__TO DO__.
In the copy you make of the entries, no picture should appear, and every word must match.

═══ DATA ═══

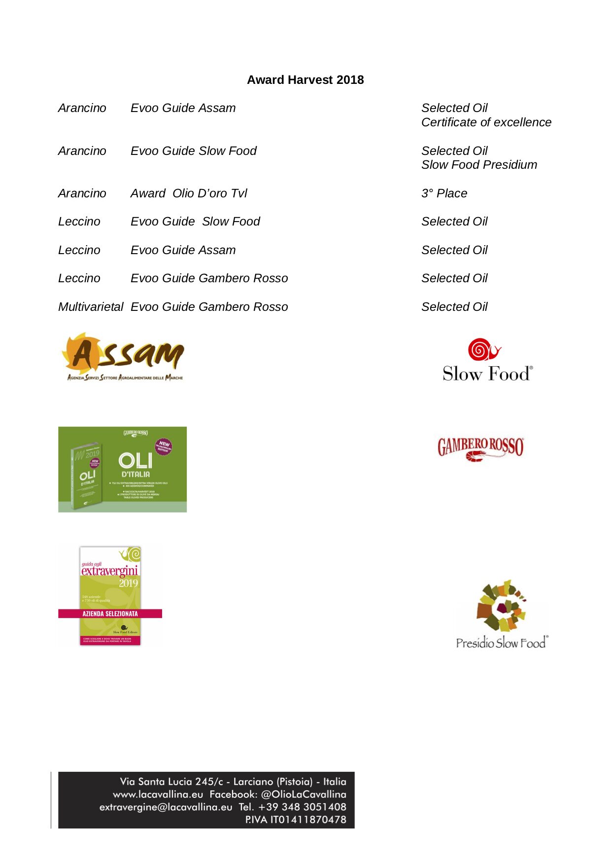 La Cavallina oils awarded by Slow Food
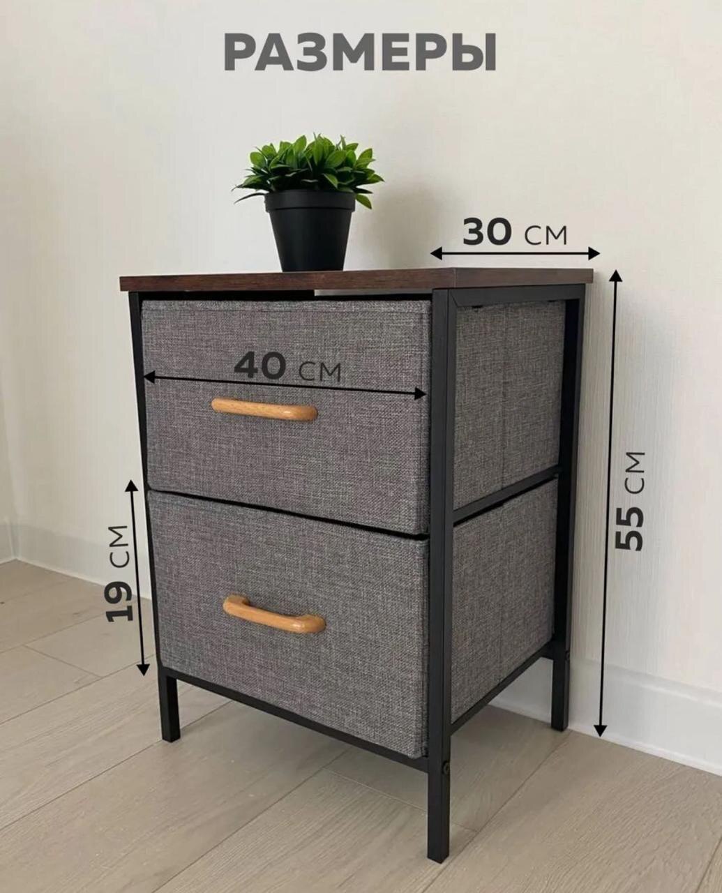 • Легкость в уходе: Тканевые ящики легко чистятся, а деревянную столешницу можно протереть влажной тряпкой.
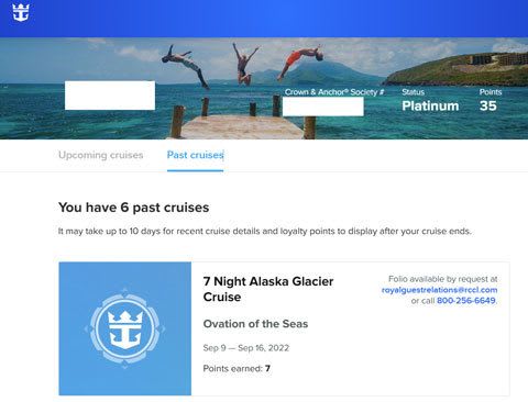 ロイヤルカリビアン/CROWN&ANCHORの会員レベルで申請書類を提出。
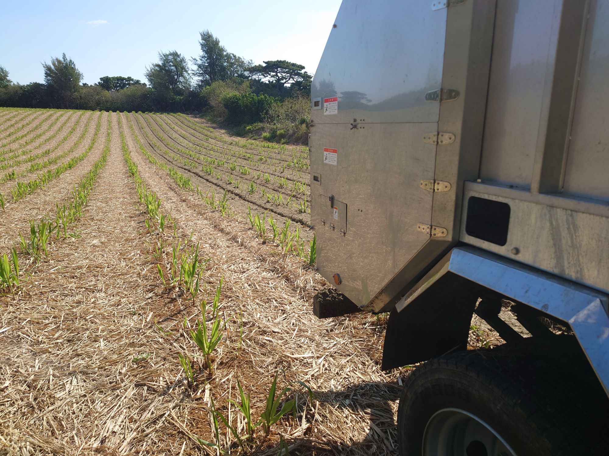 徹底的に真っすぐに入ると、真っすぐに進むやり方と、バガスを撒くときの距離のデータを取っている最中という感じです。
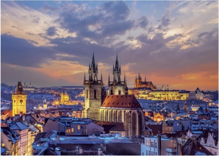 Puzzle neon Vista su Hradčany, 1000 pezzi. Si illumina al buio, produzione ceca, cartone resistente e taglio laser preciso. Idea regalo e decorazione ideale.
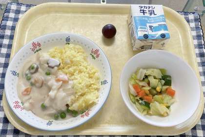 献立:ターメリックライスシーフードソースかけ、コーンサラダ、ぶどう、牛乳です。
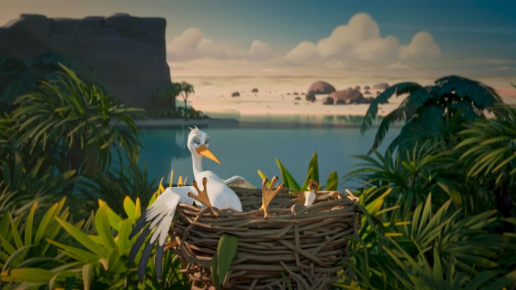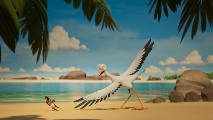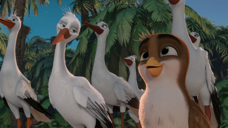Claudius (Storch), Richard (Spatz) und Max (Storch) unterhalten sich am Strand des großen Sees.

═══

__RESULT__.
 La Cavallina oils awarded by Slow Food
 • Легкость в уходе: Тканевые ящики легко чистятся, а деревянную столешницу можно протереть влажной тряпкой.
 ロイヤルカリビアン/CROWN&ANCHORの会員レベルで申請書類を提出。
 徹底的に真っすぐに入ると、真っすぐに進むやり方と、バガスを撒くときの距離のデータを取っている最中という感じです。
 Puzzle neon Vista su Hradčany, 1000 pezzi. Si illumina al buio, produzione ceca, cartone resistente e taglio laser preciso. Idea regalo e decorazione ideale.
 献立:ターメリックライスシーフードソースかけ、コーンサラダ、ぶどう、牛乳です。
Claudius (Storch), Richard (Spatz) und Max (Storch) unterhalten sich am Strand des großen Sees.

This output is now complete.